Messages sorted by: [ date ] [ thread ] [ subject ] [ author ]

Hi Andrus,

You are right. Still, I would like to plead for a small note in the JavaDoc,
explaining this. :-)

Thanks, Laszlo

>From: "Andrus Adamchik" <andru..bjectstyle.org>
>Reply-To: andru..bjectstyle.org
>To: <cayenne-use..bjectstyle.org>
>Subject: Use of DISTINCT in "to-many" qualifiers [Was: Multiple flattened
>relationships...]
>Date: Tue, 13 May 2003 12:28:03 -0400 (EDT)
>
>Laszlo,
>
>I kind of expected such result, but your message prompted me to look for
>an alternative solution.
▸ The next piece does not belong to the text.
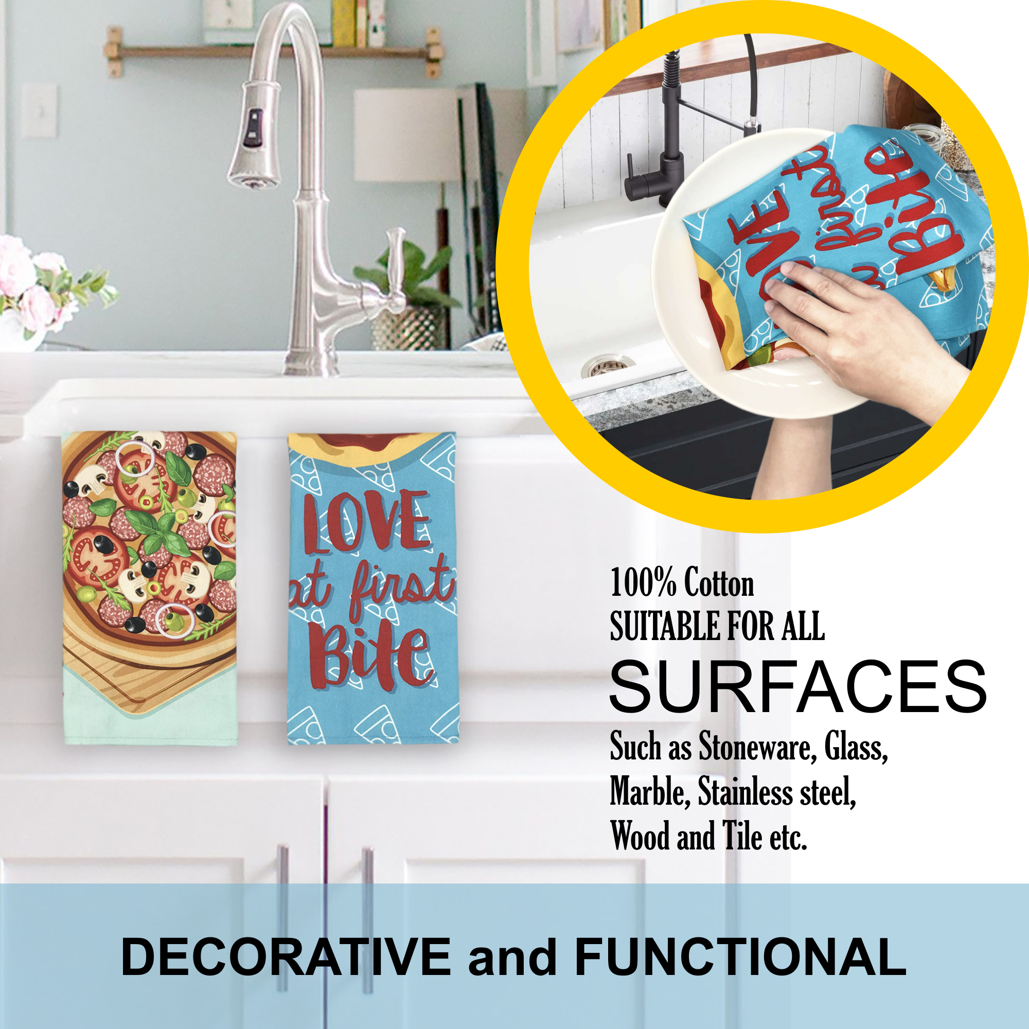 - Our kitchen towels are made of high quality microfiber fabric, whether you are looking for something to bring a cheerful spirit to your newly decorated kitchen and thinking about a unique gift idea for a housewarming party.

I did some research on various queries
>performance on Oracle. In my case there are 2 tables with to-many from one
>to another, both having around 100000 to 200000 rows. I tried running 3
>flavors of the same query, directly on Oracle, with no JDBC involved:
>
>1. joining on to-many with no DISTINCT
>2. joining on to-many with DISTINCT
>3. Using correlated subquery with EXISTS
>
>(1) was the fastest - 2 seconds in my case, but produced incorrect results
>(duplicate rows), (2) was the slowest - 4 seconds. (3) was in between (1)
>and (2) - 3 to 4 seconds. So using correlated subquery with EXISTS may
>yield to faster queries in some cases. Though I believe that playing with
>indexes may alter the results dramatically either way.
>
>We may look into adding this optimization in the future. It will have to
>be optional though, since many databases do not support correlated
>subqueries and EXISTS (MySQL prior to 4.*).
>
>Andrus
>
>
>
> > Hi Andrus,
> >
> > About the 'DISTINCT' part that I would write you back about.
> >
> > To be sure I formulated my case well, I had to look it up in a couple of
> > guides. As you will notice I will use the Oracle database as the
> > datastore, simply because I have the most experience with this database.
> >
> > I'd got confirmed that the most important reason not to use DISTINCT is
> > the fact that is forces the database to do a 'SORT UNIQUE' which can
> > cost more disk reads and more processing time when reading the results.
> >
> > This information comes from the 'Oracle 9i Performance and Tuning Guide,
> > p2-14):
> > The distinct part results in a SORT-UNIQUE action... SORT UNIQUE occurs
> > if a user specifies a DISTINCT clause (Example 2û15)or if an operation
> > requires unique values for the next step (Example 2û16). Example 2û15
> > DISTINCT Clause Causing SORT UNIQUE
> >
> > SELECT DISTINCT last_name, first_name
> > FROM per_all_people_f
> > WHERE full_name LIKE :b1;
> >
> > Plan
> > --------------------------------------------------
> > SELECT STATEMENT
> > SORT UNIQUE
> > TABLE ACCESS BY INDEX ROWID PER_ALL_PEOPLE_F
> > INDEX RANGE SCAN PER_PEOPLE_F_N54
> >
> > Another, not technical, reason is that in general it is a bad practice
> > to use
> > DISTINCT, because the query writer 'admits' that his 'where-logic' is
> > not strong
> > enough to return the results that are required. However, I don't quite
> > think this is 100% valid for Cayenne, because Cayenne can not always
> > tell if that is
> > the case.
> >
> > Still I do feel that the developer can have the option leaving the
> > distinct out
> > by using query.setDistinct(false), because it gives somewhat more space
> > to tuning.
> >
> > Regards, Laszlo
> >
> > _________________________________________________________________
> > MSN 8 with e-mail virus protection service: 2 months FREE*
> > http://join.msn.com/?page=features/virus
>
>
>

_________________________________________________________________
Help STOP SPAM with the new MSN 8 and get 2 months FREE*
http://join.msn.com/?page=features/junkmail

Next message: martin ruff: "strange behaviour"
Previous message: Andrus Adamchik: "Use of DISTINCT in "to-many" qualifiers [Was: Multiple flattened relationships...]"
Maybe in reply to: Andrus Adamchik: "Use of DISTINCT in "to-many" qualifiers [Was: Multiple flattened relationships...]"
Messages sorted by: [ date ] [ thread ] [ subject ] [ author ]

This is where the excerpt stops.